The first song our praise team sang yesterday was "Shout Hallelujah," and although I sang with them and worshiped with them, all I could think was, this is not a time to shout hallelujah.

(That above comment is not intended as a slam on our praise team.  I sing on our praise team approximately once a month, and I know the work that goes into practicing and singing.  And they had no way of knowing that there would be two mass shootings in less than 24 hours.)

"Kyrie eleison," as I just used it, is not a reference to the wonderfully upbeat Mr. Mister song of 1986.  Rather, it is Greek for "Lord, have mercy."  It's an ancient prayer dating back to the early days of the Orthodox and Catholic Church.  There are places in the Gospels where people cry out, "Lord, have mercy on me."  The Canaanite woman with a demon-possessed daughter cried out for the Lord to have mercy on her.  Many others cried out for mercy as well.

Lord, have mercy indeed.

This Wikipedia article lists 256 mass shootings in 2019 alone, with 283 dead and 1,057 wounded.  I am not exactly clear on the definition they are using as "mass shooting", so I am going to cut and paste the paragraph the article used when talking about the definition of "mass shooting":

There are many definitions of a mass shooting. Listed roughly from broad to specific:
Stanford University MSA Data Project: 3+ shot in one incident, excluding the perpetrator(s), at one location, at roughly the same time, excluding organized crime, as well as gang-related and drug-related shootings.[8]
Mass Shooting Tracker: 4+ shot in one incident, at one location, at roughly the same time.[7]
Gun Violence Archive/Vox: 4+ shot in one incident, excluding the perpetrator(s), at one location, at roughly the same time.[4][9]
Mother Jones: 3+ shot and killed in one incident, excluding the perpetrator(s), at a public place.[6]
The Washington Post: 4+ shot and killed in one incident, excluding the perpetrator(s), at a public place.[5]
ABC News/FBI: 4+ shot and killed in one incident, excluding the perpetrator(s), at one location, at roughly the same time.[10]
Congressional Research Service: 4+ shot and killed in one incident, excluding the perpetrator(s), at a public place, excluding gang-related killings and those done with a profit-motive.[2]
Only incidents considered mass shootings by at least two of the above sources are listed.  

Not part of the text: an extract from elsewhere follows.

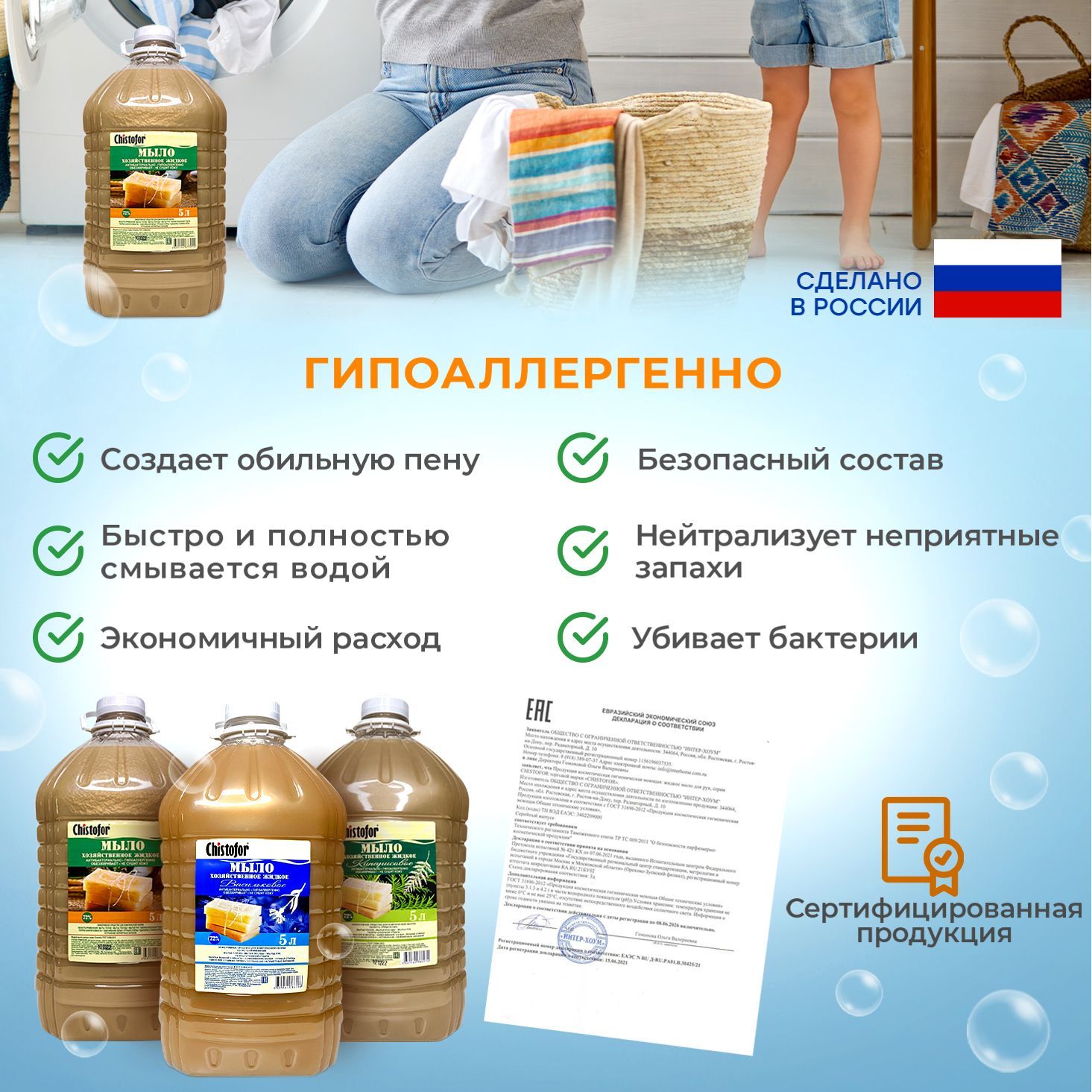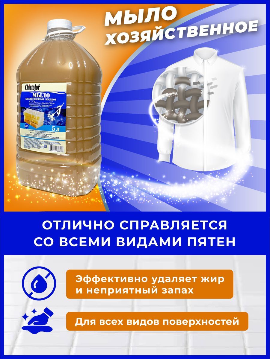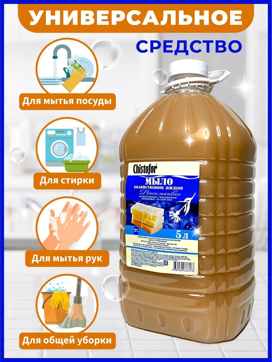 Описание: Жидкое хозяйственное мыло - это синоним экологичности и безопасности. Хозяйственное мыло 72 Chistofor 5 литров является незаменимым универсальным моющим средством в любом доме. Его применение обширно. Не нужно иметь различные очищающие порошки и гели, достаточно иметь мыло универсальное и оно заменит вам моющие средства для кухни (кухонное хоз мыло), против запаха, средство для стирки белья. Используйте мыло 5л как моющее средство для мытья посуды. Повышенные очищающие качества, легкое вспенивание и жидкая консистенция будут неплохим подспорьем хозяйкам. Средство для стирки, чистки ковров, мыло для чистки унитаза, для обуви, моющее вместо хлорки для пола - всё это сочетает в себе хозяйственное эко мыло отбеливающее Chistofor. Безопасно и практично в быту, надежно защищает от патогенных микробов. Также жидкое мыло пенка применяют в качестве гигиенических целей: для рук натуральное - мыло пена гипоаллергенное и экологичное, не сушит, не раздражает кожу рук, уход за руками станет более комфортным. Для водных процедур мыло пенка жидкое применяется как детское для рук антибактериальное и душа, для взрослых и детей, как мыло для кистей, для бани (банное), армейское (военные товары для армии). Экологичный натуральный продукт не вызывает аллергии. Мыло средство пятновыводитель, благодаря содержанию щёлочи, прекрасно помогает от пятен на одежде и грязи, антипятин удаляет сложные застарелые загрязнения. Подходит для стирки белого, цветного белья, одежды для маленьких детей. В отличие от классического мыла маленького, жидкое можно использовать для ручной и машинной стирки, традиционное твёрдое, черное мыло, дуру неудобно держать в руках, оно быстро размокает в воде, а для машинной стирки возможно использовать только хозяйственное мыло стружка, но это совсем не практично. Мыло жидкое хозяйственное универсальное для рук и тела 5 литров имеет легкую гелевую консистенцию, хорошо пенится и легко смывается с любых поверхностей, не оставляя мыльного налета. Одинаково эффективно как в горячей, так и холодной воде. Расходуется довольно экономично, по желанию можете приобрести для мыла диспенсер. Не содержит красители для мыла, цвет натурально - коричневый (бежевый). Упаковка для мыла - пластиковая ёмкость канистра 5 л., такая бутылка для мыла поможет забыть о покупке средства надолго. Применение: мытье пола, стен необходимо 30 мл мыла растворить на 5 литров воды. Для влажной уборки растворите 50-75 мл на 5 литров воды. Это отличное средство для комплексной уборки и дезинфекции всего дома. Приобретите эко товары для дома: жидкость, средство моющее для мытья посуды 5 литров, бытовая химия, средства для стирки белья и прочие хозяйственные товары для дома, дачи в одном лице хозяйственного мыла Chistofor. Тогда ежедневные процедуры, такие как стирка, мойка и уборка будут точно в радость! Производство Россия - отличная и экономичная альтернатива таким средствам, как мыло хозяйственное корея, японское, финское.

No matter how you define a "mass shooting", one is too many.

Already the screaming, blaming, and finger-pointing has started.  The usual suspects are being blamed:  too many guns, lax laws, mental illness, etc. etc.  And "white supremacy" as a cause is also raising its ugly, deformed head, mainly because of a manifesto left by the El Paso shooter which stated that "this attack is a response to the Hispanic invasion of Texas".  The El Paso shooting is being investigated as an act of domestic terrorism and as a possible hate crime.  In the case of the Dayton shooting, the suspect was taken down in less than a minute after the first shots were fired -- and he still murdered nine people, including his own sister, and injured at least 27 others. There's no known "hate crime" motive in the Dayton shooting as I write this.

Lord, have mercy.

If the usual pattern holds, people will scream at each other on social media, post hashtags, and demand action, and nothing will happen.  And then the next mass shooting will happen and the cycle will begin all over again.  Over and over, lather, rinse, repeat.

This 1987 song by Richard Marx has a line that sums up our current situation well:

Lord have mercy
For we know not what we do
Lord have mercy
We've forgotten to be afraid of you.

I recently read where Donald Trump kicked off his 2020 presidential campaign "in the name of Jesus Christ."  If Donald Trump is really serious about invoking the name of Jesus in his campaign for president, he will call for a national day of prayer and repentance, starting with his own sins.  

This is not the time for finger-pointing, screaming, hashtagging, or anything else, for that matter.  This isn't even the time to shout hallelujah (as appropriate as that is at other times.) 
This is a time of distress.
This is a time of rebuke.
This is a time of disgrace.
This is a time to lament, to fall flat on our faces before the living God and just simply cry out, "Kyrie eleison."

Kyrie eleison
Kyrie eleison
Kyrie eleison . . .

Just my .04, adjusted for inflation.